Les comento que me dejaron hacer una practica en la cual tengo que realizar un amplificador de potencia de minimo 5 Watts, he estado leyendo libros, buscando en internet y nomas no logro dar con uno.

Lo que pidio el profe exactamente es lo siguiente:

- Un amplificador de potencia de minimo de 5 Watts
- Solo se puede usar un solo transistor

Esta ultima parte es la que mas dificil se me hace porque no se como obtener 5 watts de potencia con un solo amplificador, solo puedo usar capacitores, resistencias, un solo transistor, una fuente que me da cuando mucho 20 Volts y la corriente alterna de 120 Volts.

Espero me haya explicado bien y si alguien sabe donde puedo buscar o como hacerlo se los agradeceria mucho.

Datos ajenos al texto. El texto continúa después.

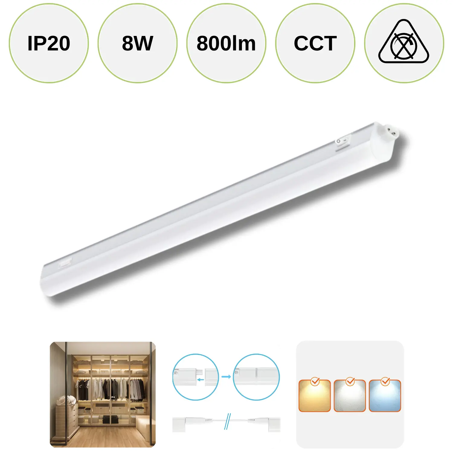 Specifikationer for: "Underskabsarmatur | 8w | 60cm | 800lm | CCT | Hvid"
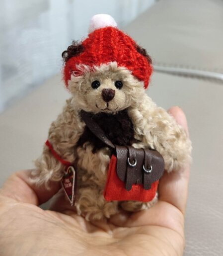 9 cm, hellbrauner und dunkelbraun gelockter Plüsch, hellbraune Pfoten aus Wildleder, schwarze Glasaugen, braune Nasenbestickung, 5-fach gegliedert, Magnete in den Armen, mit Baumwolle und Stahlgranulat gefüllt. Tasche aus Leder genäht und Herz mit Aufschrift "Mein Bärchen". Curly trägt eine gestrickte Mütze.
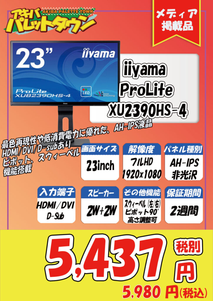 iiyama「ProLite XU2390HS-4」税込5,980円
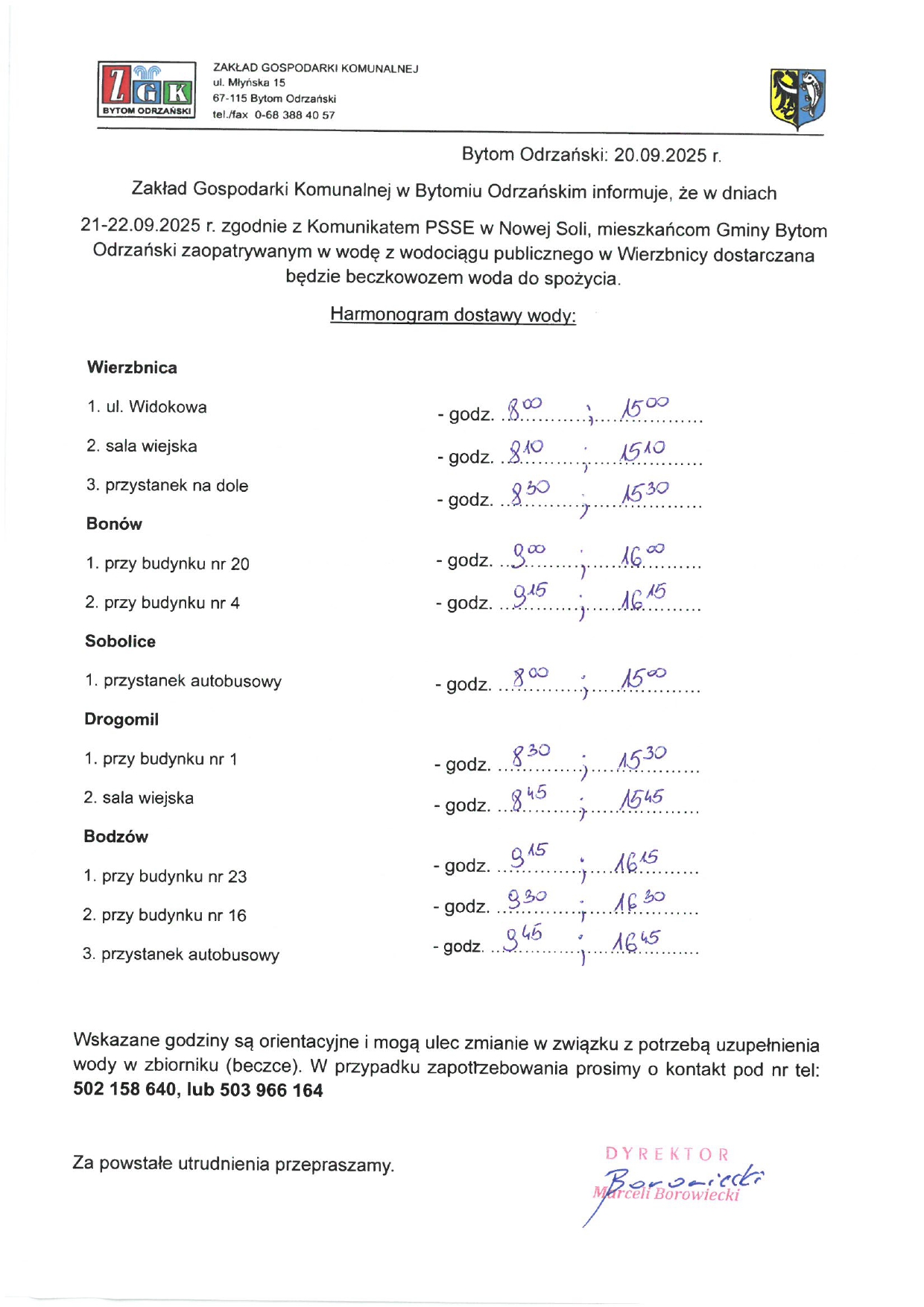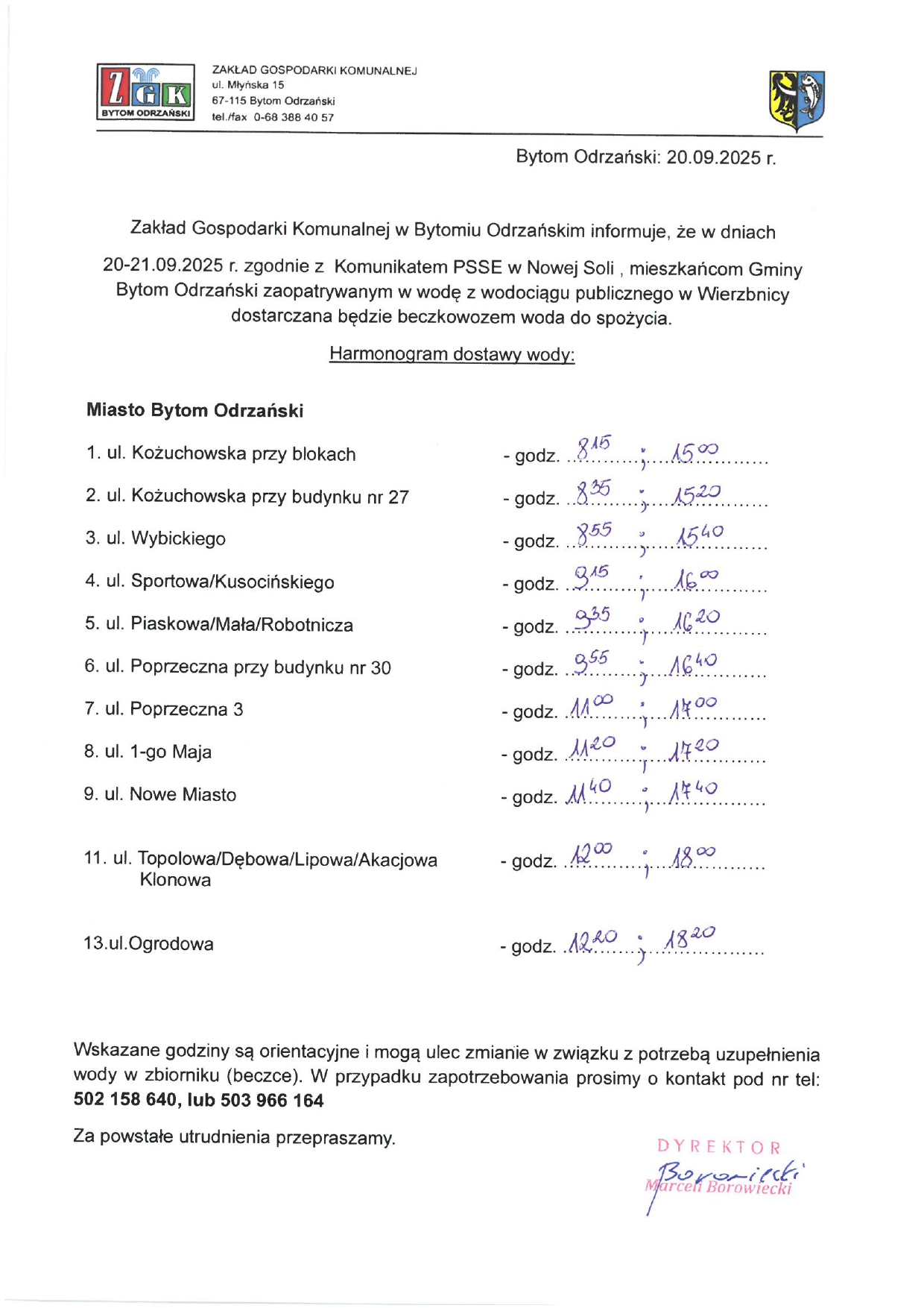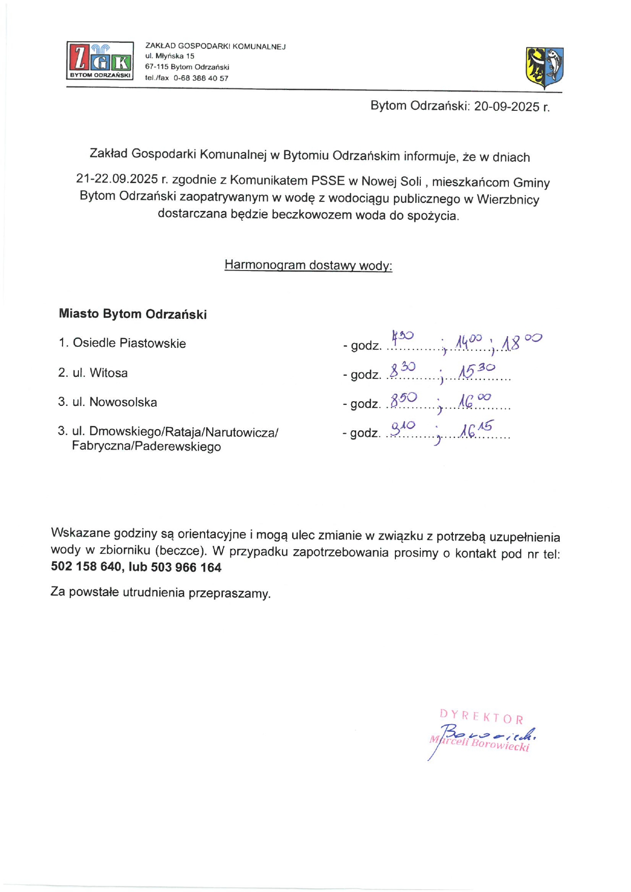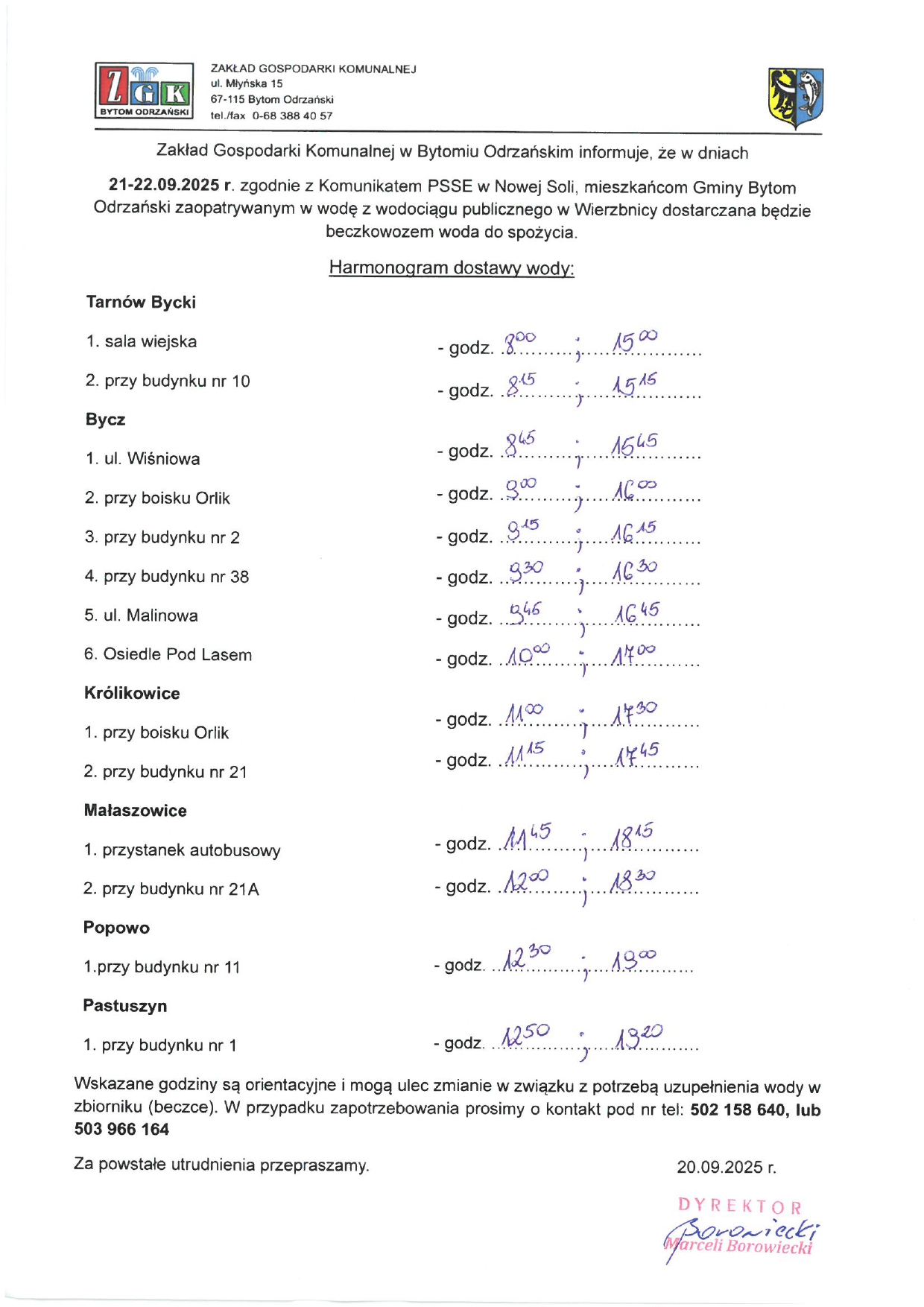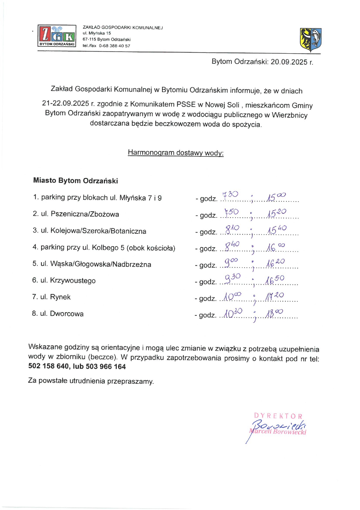 Harmonogram dostaw wody do spożycia na 21 i 22 września Poniżej harmonogram dostaw wody do spożycia na terenie Gminy Bytom Odrzański na 21 i 22 września. Ze względów logistycznych podane godziny są orientacyjne i mogą ulec nieznacznym zmianom. Tomek Chmielewski2025-09-20T23:05:56+02:002025-09-20|Aktualności| Udostępnij FacebookTwitterLinkedInWhatsAppEmail

Por ultimo el maestro me dijo que buscara un transistor de potencia con beta fija lo cual no he hallado hasta ahorita, estoy empezando a creer que no existe tal cosa.

Gracias de antemano.


----------



## Eduardo (May 3, 2009)

Te esta pidiendo un amplificador clase A


----------



## antuna (May 3, 2009)

Perdon se me olvido decirlo, si es un amplificador de potencia clase A el que me piden.


----------



## DOSMETROS (May 4, 2009)

Podés hacer un amplificador de corriente con un bjt o uno de tensión con un mosfet , usando su zona  lineal.

Googlea un poco.

Suerte!


----------